▼

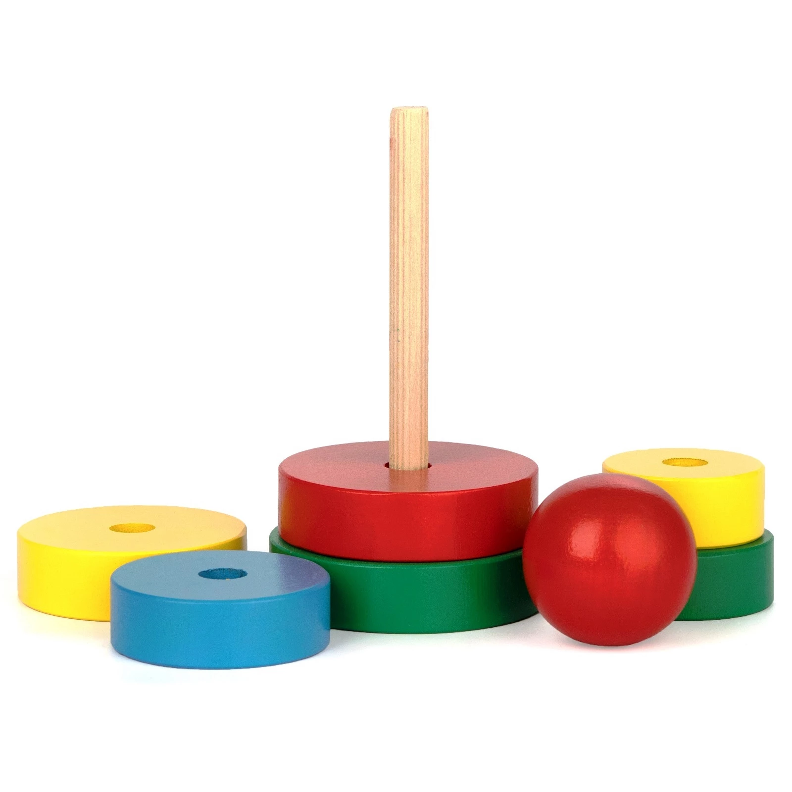Состоящая из семи элементов классическая деревянная пирамидка — отличный подарок для самых маленьких исследователей. Данная игрушка развивает важные умения и навыки, такие, как мелкая моторика, координация движений, глазомер и другие. Элементы пирамидки изготовлены из качественной древесины и покрыты безопасными красками на водной основе.
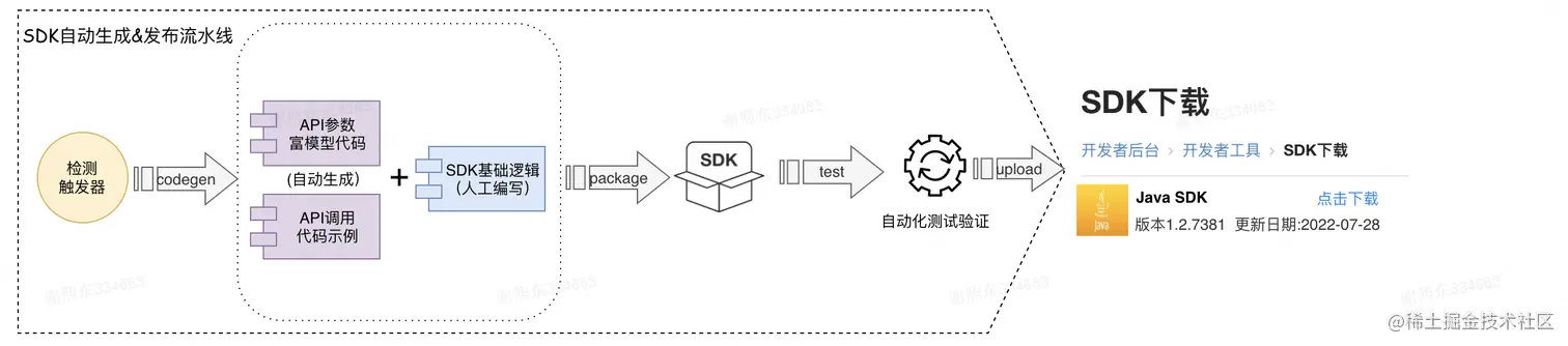 更进一步,在实现了参数富模型代码自动生成后,我们可以通过持续集成(Continious Integration)和持续发布(Continuous Delivery)技术,将SDK的生成、测试和发布流程也尽可能地做到自动化。整体的SDK自动生成流程设计如下图所示:
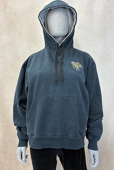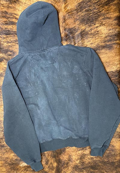 Years of wear* have given this navy hoodie a beautiful sun-faded, broken-in quality that no new garment can replicate. The grey contrast lining inside the hood adds a subtle detail that sets it apart. It's soft, substantial, and ready for the barn, the truck, or the couch.
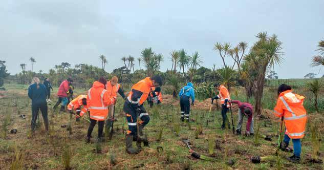 Te Ahiwaru engages with Watercare in various capacities, in November 2023 we hosted Watercare and Ghella Abergeldie environmental teams in a ‘Give Back’ coastal planting day at Te Puna Wai aa Hape, bordering Te Maanukanuka o Hoturoa.
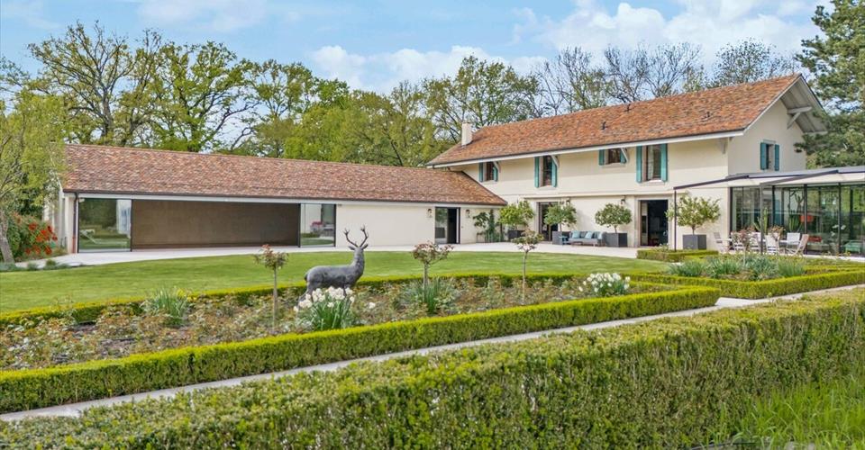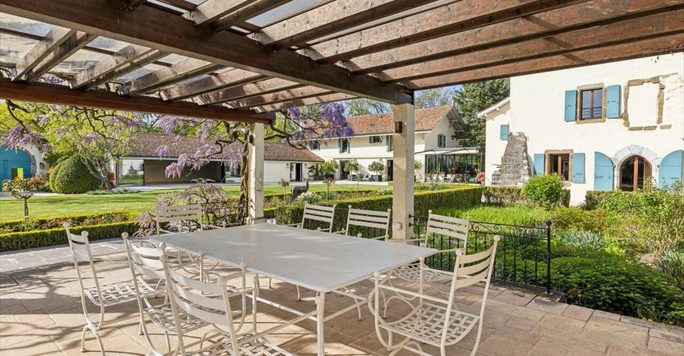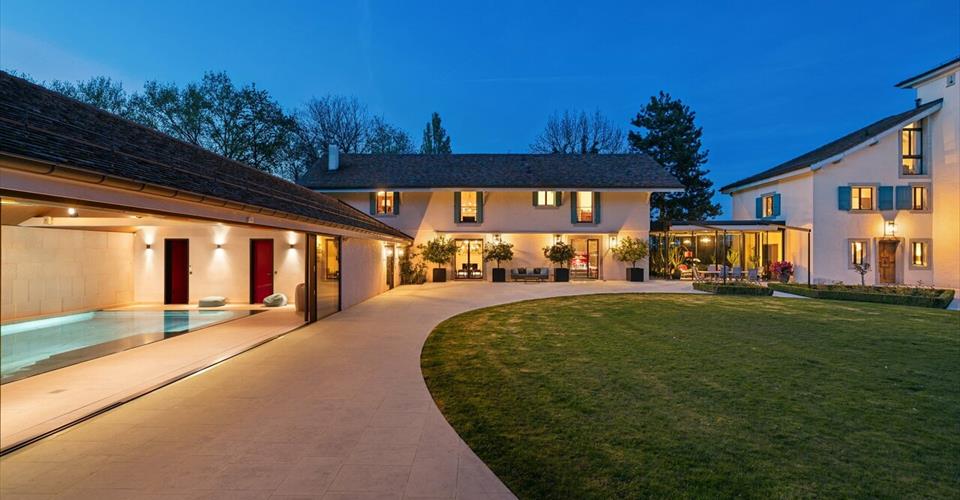 Situé au cœur de la paisible campagne genevoise, dans la charmante commune de Choulex, ce magnifique domaine, baigné de lumière et niché sur une parcelle d’environ 5’000 m2, vous offrira un cadre de vie exceptionnel. Composé de plusieurs bâtiments, dont une maison forte datant du XVIIIe siècle, l’ensemble a été entièrement rénové 2010 avec des matériaux de très haute qualité. La propriété marie habilement modernité et authenticité. Elle présente de généreux espaces de réception dont une splendide salle à manger, de plusieurs bureaux, reliés par une magnifique verrière. Le tout, desservi par un ascenseur. L’espace nuit se compose d’une master bedroom, avec ses deux dressings (Monsieur et Madame) et ses deux salles de bains complète (Monsieur et Madame), qui occupe un étage entier; de 6 autres chambres à coucher avec salle de bains. Une maison de gardien, offrant deux chambres supplémentaires, complète cet ensemble. Vous serez enchantés par l’ancienne écurie transformée en une piscine intérieure, ainsi que par le parc magnifiquement arboré d’une superficie d’environ 4’400 m2, préservant la tranquillité et l’intimité de la propriété. Un verger attenant de 1’000 m2, abritant des pommiers, poiriers et autres arbres fruitiers, agrémente ce lieu d’exception. Un garage double et 6 places de parking extérieures viennent parfaire cette somptueuse propriété.
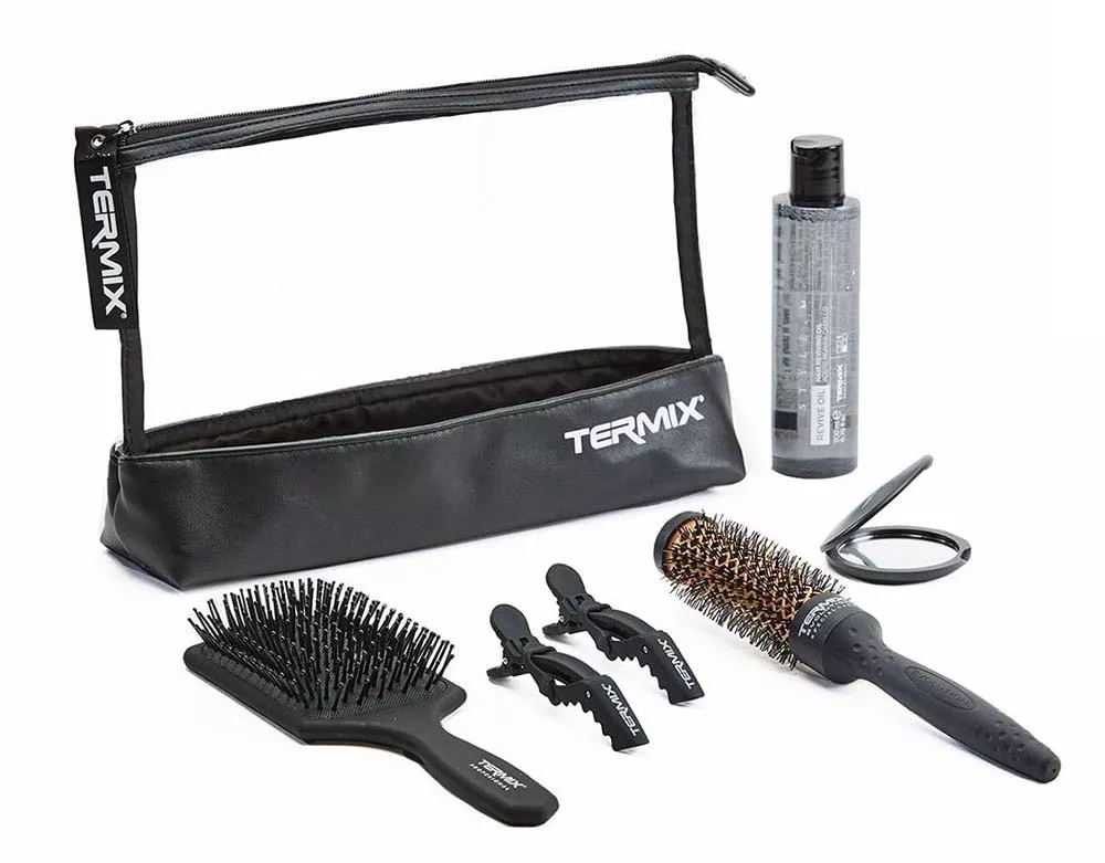 Odkryj pełen komfort stylizacji dzięki Termix Care, zestawowi akcesoriów do stylizacji włosów. Ten kompleksowy zestaw zawiera wszystko, co potrzebne, aby Twoje włosy wyglądały zdrowo i pięknie każdego dnia. W skład zestawu wchodzi ceramiczna szczotka okrągła, która doskonale modeluje włosy podczas suszenia, oraz wiosłowa szczotka z nylonowymi kolcami zakończonymi kulkami, która nie tylko rozczesuje włosy, ale także masuje skórę głowy, stymulując wzrost zdrowych włosów. Całość uzupełniają dwie klamry, eleganckie lusterko i odżywczy olejek do włosów Revive Oil.
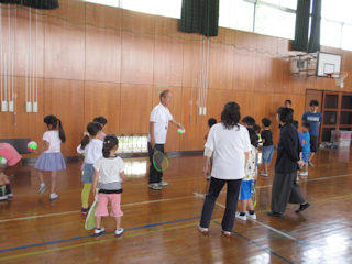 児童達も先生の早い球に負けず、するどいサーブを決めていました!
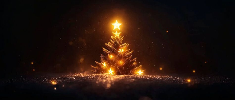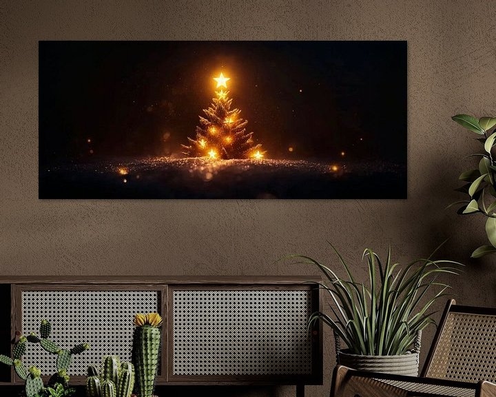 Inmitten eines funkelnden, nächtlichen Szenarios strahlt ein Weihnachtsbaum mit leuchtenden Sternen und warmen Lichtern. Die sanfte Atmosphäre bringt eine besinnliche Stimmung und zaubert Gemütlichkeit. Ideal für das Wohnzimmer, um Familie und Freunde während der festlichen Zeit zusammenzubringen und unvergessliche Momente zu schaffen.
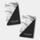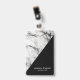 Tarjeta De Identificación Mármol Blanco Monogramado Y Grano Negro
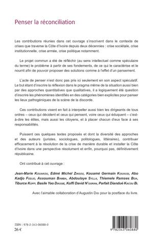 Les contributions réunies dans cet ouvrage s'inscrivent dans le contexte de crises que traverse la Côte d'Ivoire depuis deux décennies: crise sociétale, crise institutionnelle, crise armée, crise politique. Le projet commun a été de réfléchir le problème à partir de ses fondements, de ce qui le caractérise et le nourrit afin de pouvoir proposer des solutions comme à l'effet d'un pansement.
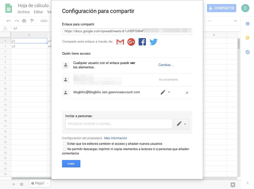Para las hojas de cálculo hay dos formas de autorización para una aplicación. Mediante una API key con permisos de utilización de la API permite acceder a cualquier documento público, compartido de forma pública o para los usuarios que tengan el enlace o identificativo del documento. La otra más segura es creando una cuenta de servicio de forma que el documento se comparta únicamente con esa cuenta de servicio como si de cualquier otro usuario se tratase en vez de hacerlo público o para cualquiera que tenga el enlace.
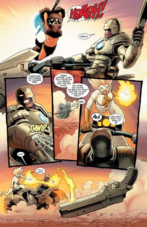 Boss Cage (Marvel) who resembles Judge Dredd can shoot webs from his gloves in Dark Avengers #178.
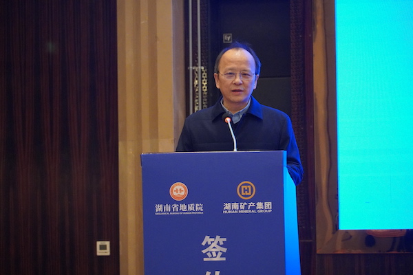 谈文胜指出,地质与矿业相互依存、共生共荣,此次签订的三个协议是双方优势互补、互利共赢的重要举措。通过优势资产和优质矿权的划转及双方的紧密合作,将极大整合资源,实现战略矿产的增储上产,并将释放协同效能,共同推动湖南矿业高质量发展。对于深化双方合作,他提出三点倡议:一是把握机遇求共进,利用各自优势,深化合作,服务地方经济社会发展;二是紧密联动求共融,建立有效的沟通联动机制,确保资源信息共享,项目需求对接;三是守正创新求共赢,持续推进合作创新,为打造湖南矿业集群提供强劲支撑。
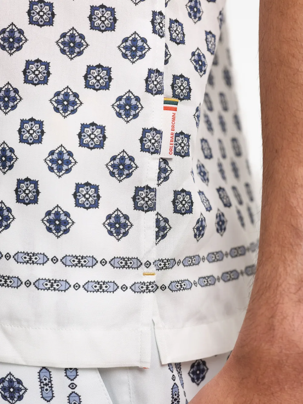 New Season Orlebar Brown Maitan geometric-print shirt Imported Highlights white geometric print short sleeves V-neck capri collar Composition Lyocell 100% Washing instructions Machine Wash Product IDs FARFETCH ID: 32489014 Brand style ID: 281515
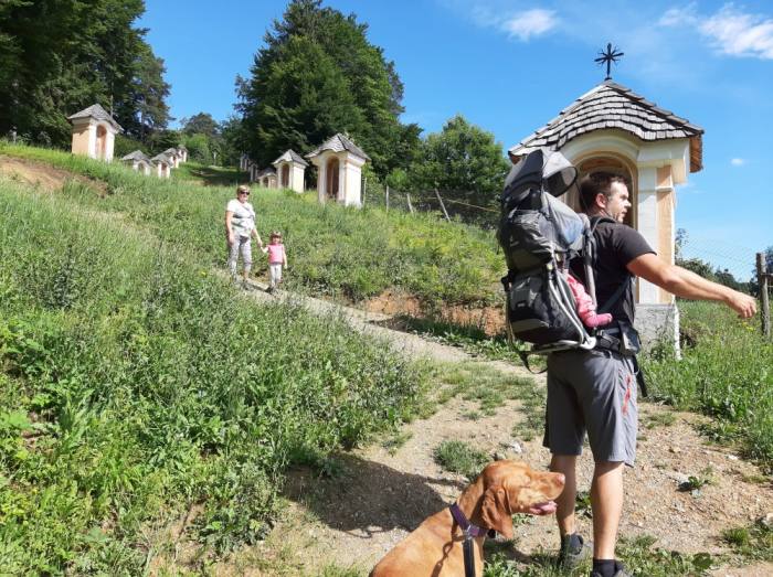 Na družinskih izletih je naš avto založen s tako ali drugačno opremo. Preden štartamo z dvorišča se navadno vsi preštejemo, da nismo slučajno koga pozabili. Nahbtniki, otroški voziček, otroška nosilka, gojzarčki in še in še obvezne opreme za izlet. Vozim se v prtljažniku, ker je tu najbolj varno in včasih za daljšo pot dobim tudi tableto proti slabosti.
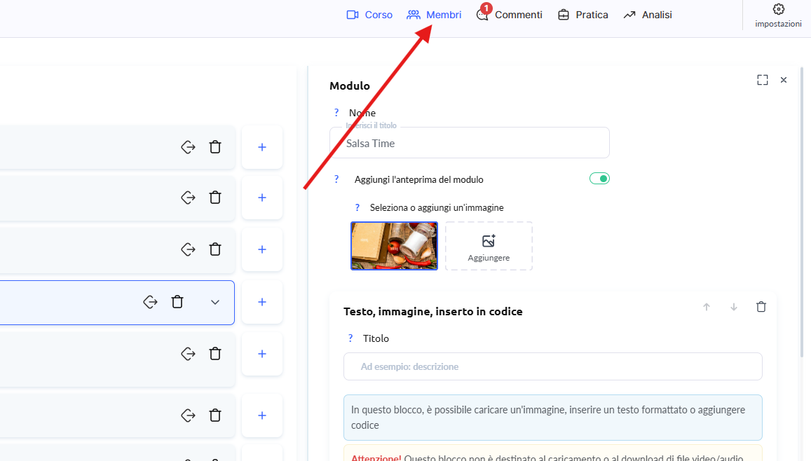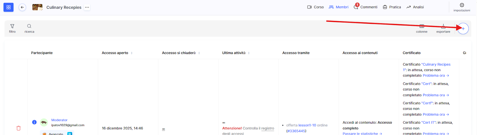 Nella sezione Corsi, apri il corso desiderato e vai alla scheda Membri.
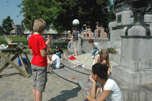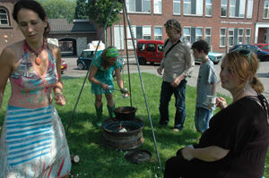 | -Boven: Onder het loof van het Emmaplein serveert Els van Olphen van productiebedrijf Henri pommodorisoep, gemaakt van natuurlijke bestanddelen. 'Soep,' zegt Els, 'is eten en eten is ook beleving' en het is ook nog eens puur natuur..'! -Rechts: Camille de Bont en Femke Lamers van de Beekmanschool,maakten aan de voet van het H.Hartmonument een variant op 'zon, zee en strand'. foto's © paul kriele, 24 mei 2012. |
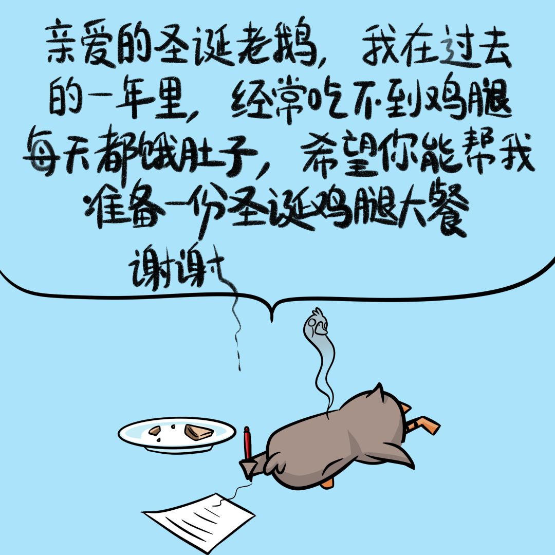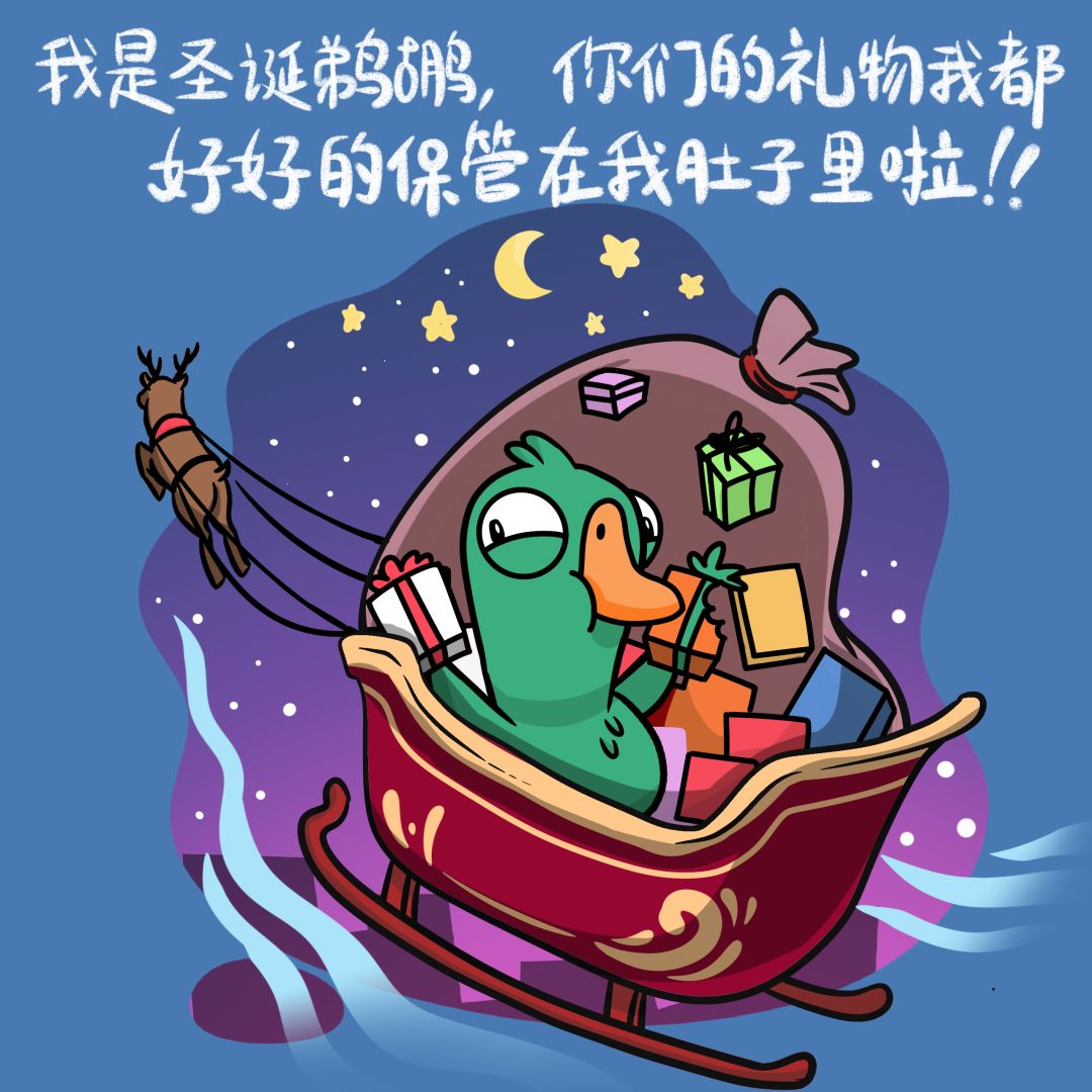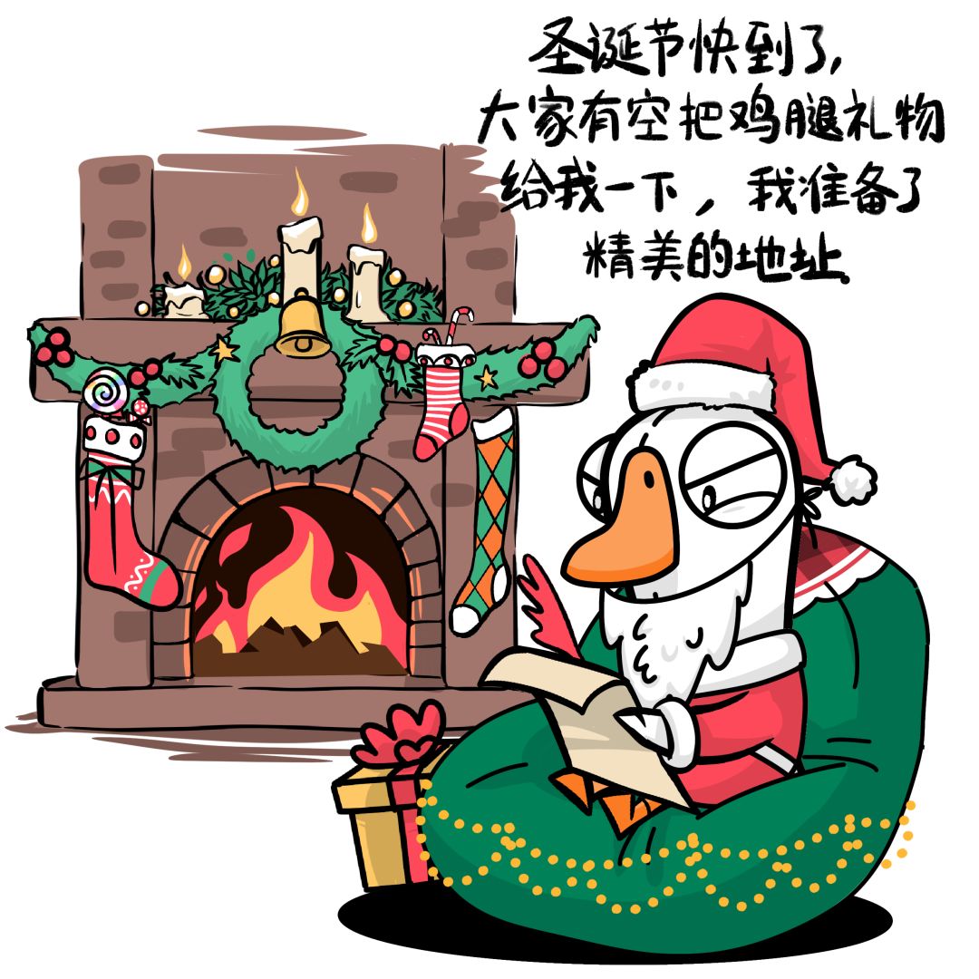 亲爱的圣诞老鹅,我是个幸运的鸭,我在过去的几年里,几乎每年都得到了你送的鸡腿,你总是费尽心思地给我准备惊喜。

▲

## ACTIVITY
Give the lines above again exactly, from the one containing "児童達も先生の早い球に負けず、するどいサーブを決めていました!" to the one containing "Tarjeta De Identificación", both included, but leave out the pictures.

## WRITTEN RESPONSE
 児童達も先生の早い球に負けず、するどいサーブを決めていました!
 Inmitten eines funkelnden, nächtlichen Szenarios strahlt ein Weihnachtsbaum mit leuchtenden Sternen und warmen Lichtern. Die sanfte Atmosphäre bringt eine besinnliche Stimmung und zaubert Gemütlichkeit. Ideal für das Wohnzimmer, um Familie und Freunde während der festlichen Zeit zusammenzubringen und unvergessliche Momente zu schaffen.
 Tarjeta De Identificación Mármol Blanco Monogramado Y Grano Negro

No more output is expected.